There was a dead silence in the room as Admaston scrutinised the confession.
Then he went up to Lady Attwill, crouching over the table as she was, and put his hand not unkindly on her shoulder. "Good God!" he said. "Alice—why did you?"
A lovely tear-stained face looked up into the room.
A broken and unhappy voice sobbed out into the silence, "Let me go; let me go, I say!"
Admaston gently removed his hand.

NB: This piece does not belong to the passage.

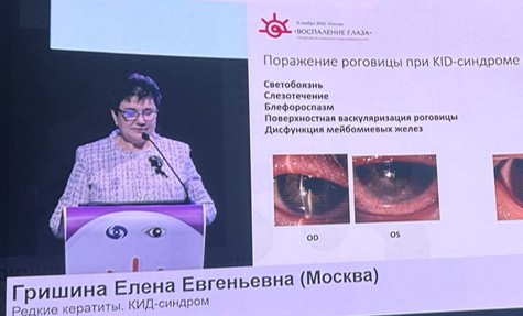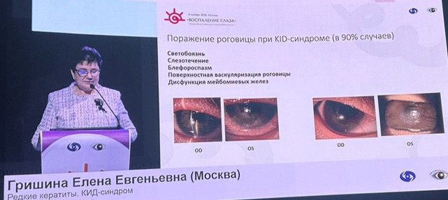 Главный научный сотрудник онкологического отделения хирургических методов лечения, д.м.н., профессор кафедры офтальмологии и оптометрии ГБУЗ МО МОНИКИ им. М. Ф. Владимирского, Гришина Е.Е..jpgВ рамках секции «Офтальмопатия и кератиты. Часть 1» с содержательной лекцией выступила главный научный сотрудник онкологического отделения хирургических методов лечения, д.м.н., профессор кафедры офтальмологии и оптометрии ГБУЗ МО МОНИКИ им. М. Ф. Владимирского, Гришина Е.Е. Ее работа была посвящена редким кератитам, ассоциированным с KID-синдромом — крайне редким генетическим заболеванием (частота встречаемости 1:1000000), характеризующимся триадой симптомов: поражение роговицы, кожи и внутреннего уха. Было отмечено, что радикального лечения патологии не существует, а офтальмологическая помощь носит паллиативный характер и заключается в системной терапии с последующей послойной кератопластикой.

There was a swish of skirts, one deep sob, and then the door closed behind Alice Attwill.
Peggy went up to her husband and clung lovingly to his arm.
She looked at Collingwood. "Colling," she said, "how on earth did you find out?"
Collingwood pointed to the blotter. "Look there," he said.
Peggy and Admaston, still clinging together, went up to the writing-table and stared as if fascinated at the fatal and decisive page.
"Poor Alice!" Collingwood said. "I suppose it is because I have been a bit of a blackguard myself that I can't help feeling sorry for her. Perhaps, Admaston, you will find it in your heart, when the great case is withdrawn to-morrow, to let her down as lightly as possible."
He hesitated for a moment, and then he said in a quiet voice, "I think in her heart she really loved you, don't you know."
Admaston nodded.
"Yes, yes; I see," he said. "I will do what I can."
Collingwood, realising that he had been emotional, pulled himself together with immense aplomb. "It must be a comforting and flattering reflection that, but for the fit of nerves which caused Alice to write that second letter three days ago, there is probably not a judge nor jury in the world which would have refused to make you miserable for life, Admaston."
"You are right, Colling," he said; "but at the moment when no judge nor jury would have doubted her guilt—then, for the first time, I knew in my heart she was innocent."
Collingwood had listened to this, but had also been moving slowly towards the door of the drawing-room.
"But you, Colling——" Peggy said.
Collingwood's hand was upon the door. "Never mind about me," he said. "Peggy, I did a rotten thing because I cared for you, but I've tried to play the game since for the same reason; and if George can really forgive me for just the same reason——"
He stopped, looking with a wan, pathetic, but very tender face at the two who stood there clinging to each other.
Peggy looked up into her husband's face. "George!" she said quietly.
"—I think I'll go on playing it," Collingwood ended.
Admaston did not look at Collingwood, but he looked down at his wife. Then he lifted his head and smiled with a sort of grave kindness at the man by the door.
"I think I can forgive you anything to-day, Colling," he said.
Collingwood half turned the handle. "Good-bye, then, little Butterfly," he said, and there was a dreadful pain in his voice.
Peggy looked up into her husband's face.
What she saw there satisfied her.
She left him and walked shyly towards Collingwood and held out her hand.
He took it, bowed over it as if to kiss it, refrained, and then opened the door.
"Your wings are not really broken—not really," he said in a voice which was absolutely broken.
There was a sound of the soft closing of a door—a little click as it fell into place.
Peggy ran back to her husband and put her hands upon his shoulders.
"My husband!" she said.
He caught her in his arms—in his strong arms.